Brown Opening Statement at Banking Committee Hearing on Housing Finance Reform: Maintaining Access for Small Lenders

WASHINGTON, D.C. — U.S. Sen. Sherrod Brown (D-OH) – ranking member of the U.S. Senate Committee on Banking, Housing, and Urban Affairs – released the following opening statement at today’s hearing entitled, “Housing Finance Reform: Maintaining Access for Small Lenders.”

Brown’s remarks, as prepared for delivery, follow. 

Senator Sherrod Brown - Opening Statement

Hearing: “Housing Finance Reform: Maintaining Access for Small Lenders” 

Chairman Crapo, thank you for holding this hearing.  I would also like to welcome our witnesses today including a lender from Ohio. 

Tim Mislansky is the Senior Vice President and Chief Lending Officer at Wright-Patt Credit Union, which is headquartered in Beavercreek and serves the Dayton area and communities between Cincinnati and Columbus like Xenia. 

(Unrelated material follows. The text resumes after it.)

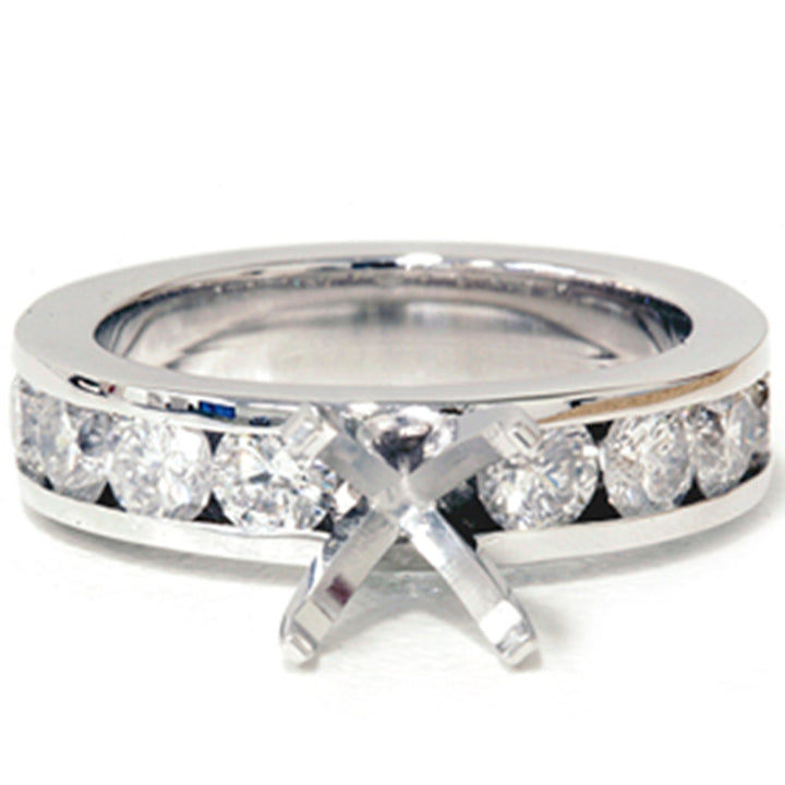 Handcrafted in 14k white gold with 1 1/2ct total of round brilliant cut natural diamonds, channel set. Mounting can accommodate up to a 2ct stone.

While they are the largest lender on the panel, with $3.5 billion in assets, Wright-Patt covers Dayton’s urban core as well as surrounding suburbs and rural areas. Tim knows how small lenders serve smaller cities and suburban markets. His expertise is a valuable addition to our housing finance reform process.

As we have heard repeatedly in this Committee, small lenders are often the only lenders willing to go the extra mile to underwrite mortgages in areas that are too often left behind by Washington and by Wall Street – in cities’ urban core and in rural communities. Community lenders know their customers and the needs and challenges of the cities and towns they serve. 

During the Committee’s last effort on housing finance reform, the bill S. 1217, included a small lender mutual, but the system created in the bill did not include enough protections to prevent large lenders from controlling the secondary market. Without firewalls between the primary and secondary market, we lose a layer of accountability for underwriting, and create loopholes that permit concentration of risk. 

We saw during the housing crisis how consolidation of primary market and secondary market operations within a single entity can hurt borrowers and hurt entire communities. 

The Financial Crisis Inquiry Commission found that in 2008, private label loans had a delinquency rate of 28.3 percent compared to a delinquency rate of just 6.2 percent for GSE loans. States like Ohio and Nevada are still feeling the impact of those predatory, private loans.

In the same way that the GSEs are prohibited from originating mortgages, originators and their parent companies should be prohibited from any ownership of guarantors.

Proposals for reform range from a complete overhaul of the mortgage market to narrow, surgical changes. Looking at what current and future homeowners and lenders stand to lose in reform is as important as the desire for change.

Looking out for Americans who are trying to buy and stay in their homes, and build better lives for their families, has to be our top priority.

I look forward to hearing from our witnesses about how the housing finance system could and should be improved to better serve small lenders and their customers, as well as what should be preserved and protected. 

While we’re discussing the importance of community lenders, we should also include the important work of housing counselors, CDFIs, and community organizations. 

Their work helped families achieve stable homeownership before the crisis and helped families keep their homes during the crisis. The importance of pre- and post-purchase housing counseling cannot be ignored during this process.  

As we continue to debate the role of the GSEs, private capital, and large financial institutions in providing access to affordable mortgages, we cannot create a system that allows the GSEs or new players to use a business model that serves only the largest lenders, the highest income borrowers, or the well-off pockets of our country. 

We need a model that allows all Americans, in every corner of the country, to become and remain homeowners.

If the government is going to have a role backing the housing market, and I believe it should, then that market must work for everyone, everywhere – not just those with the most lobbyists and the deepest pockets.